Branchenspezifische Cloud-Optimierung ist das Prinzip auf dem SAP Leonardo basiert. Sie fördert die Entwicklung neuer Geschäftsmodelle, Produktklassen und Branchen, bietet Kunden Mehrwert und prägt künftigen Markt. All dies sind wesentliche Vorteile. Die Technik- und Automobilindustrie – einst streng getrennte Bereiche – kooperieren nun und es ist die Connected-Car-Branche entstanden, die das Internet der Dinge und maschinelles Lernen nutzt. Durch die einzigartige Kombination der neuesten Entwicklungen aus den Bereichen KI, Analysen, maschinelles Lernen, IoT und Blockchain haben die Firmen der Branche deutlich mehr Möglichkeiten, neue Angebote zu entwickeln und sich neu aufzustellen.

Hier sind Innovationsbeispiele aus verschiedenen Branchen:

Transportwesen modernisieren mit dem Internet der Dinge

Die Erweiterung der Wegstrecke und die Erhöhung der Fahrgeschwindigkeit bilden einen Schwerpunktbereich im Transportwesen. Hochgeschwindigkeitsbahnen sind eine Lösung, stellen aber für Serviceanbieter eine besondere Herausforderung dar. Trenitalia, Italiens größte Eisenbahngesellschaft, ist ein gutes Beispiel für einen Branchenführer, der neue Technologie einsetzt, um ein hartnäckiges Problem anzugehen und führend in der Branche zu sein. Mit zwei Millionen Passagieren pro Tag und zweieinhalb Millionen Zug-Kilometern pro Jahr ist die Infrastruktur einer erheblichen Belastung ausgesetzt. Trenitalia hat mehr als 30.000 Lokomotiven im Einsatz. Die Wartung könnte jederzeit zu einem Alptraum werden. Deshalb nutzt das Unternehmen die Möglichkeiten des Internets der Dinge und wertet Daten von Tausenden von Sensoren aus, um den Verschleiß zu überwachen. Während die unmittelbaren Vorteile bessere Anlagenoptimierung und höhere Effizienz sind, liegt der größte Nutzen in einem besseren Kundenerlebnis und der dauerhaften Bindung von Privat- und Geschäftsreisenden.

Automobilbranche: Nissan entwickelt Innovationsplattform

Ein Fahrzeugkauf lief früher immer gleich ab: ein Besuch im Autohaus, ein Gespräch mit einem Verkäufer, eine Probefahrt. Und wenn das Auto den Erwartungen des Kunden entsprach, kam es zum Verkaufsabschluss. Heute wird dem Kunden ein einheitliches, kanalübergreifendes Erlebnis geboten und er wird in den Prozess eingebunden. Schon beim Design erhält er eine Vielfalt an Konfigurationsoptionen. Als einer der weltweit größten Autohersteller hat Nissan Motor diesen Trend erkannt und eine digitale Innovationsplattform entwickelt, auf der die Stärken von Cloud, Big Data, IoT und mobilen Lösungen vereint sind. So hat Nissan Motor die Prozesse in der Lieferkette durchgängig verknüpft – vom Zulieferer bis zum Verbraucher zu Hause – und schafft so neue Möglichkeiten für den Einzelhandel ohne Lagerhaltung, besseren Abgleich von Bedarf und Beschaffung und mehr Kundenorientierung dank Datenanalysen.
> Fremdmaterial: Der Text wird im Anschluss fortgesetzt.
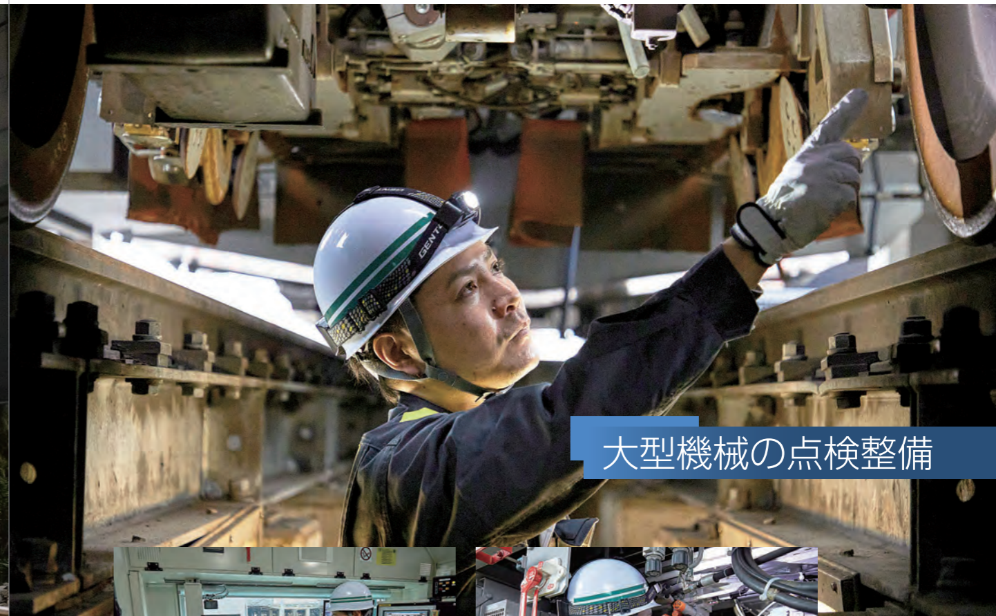
大型機械の点検整備
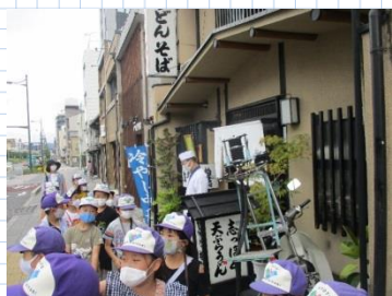
町探検を楽しむ様子

先日のハーモニーフェスティバルでは、多くの参観をしていただき、ありがとうございました。このコロナ禍において、子どもたちの思いや考えを表出する機会を創出工夫をしながら開催することができました。下京雅五大フェスティバル第二弾は、スポーツフェスティバル。今年度は、初の二日間開催を予定しています。感染症対策を講じながらの開催となりますので、競技内容・演技内容・進め方・観覧の仕方など、例年とは異なる点があるかと思えます。今できる最大限の工夫をしながら、みんなで創り上げていきたいと思えます。詳しくは、プログラムでご案内しています。ご確認ください。
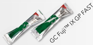
GC Fuji™ IX GP FAST
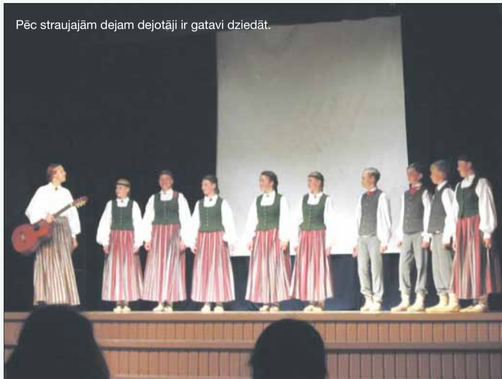
Pēc straujajām dejām dejotāji ir gatavi dziedāt.
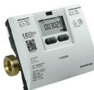
2016 • MULTICAL 403
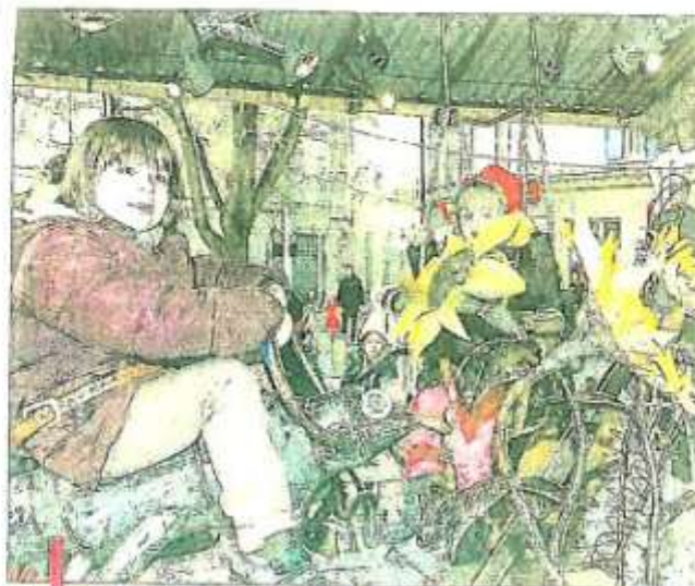
Les enfants tournent pendant que les parents se balancent... Et personne ne s'ennuie.

Diese Investition in eine auf die Bedürfnisse der Automobilbranche zugeschnittene Cloud hat zu mehr Verkaufsabschlüssen und einer Stärkung der Marke geführt. Big Data sind heutzutage die besten Autoverkäufer.

Zusammenhänge herstellen in der Cloud

In Anbetracht all dieser Innovationen fällt mir auf, dass es häufig ein Missverständnis gibt. CIOs und andere IT-Entscheidungsträger glauben fälschlicherweise, dass der digitale Wandel und die Cloud-Einführung im Alles-oder-Nichts-Schema bewerkstelligt werden müsse. Unabhängig davon, wo sich Unternehmen auf der digitalen Reifekurve befinden, ist es wichtig, in Technologien zu investieren, die den digitalen IQ und die Leistungsfähigkeit des Unternehmens steigern. Die Cloud ist ein unverzichtbares Tool, um dieses Stadium zu erreichen. Und es ist nie zu spät, mit der digitalen Transformation des Unternehmens zu beginnen.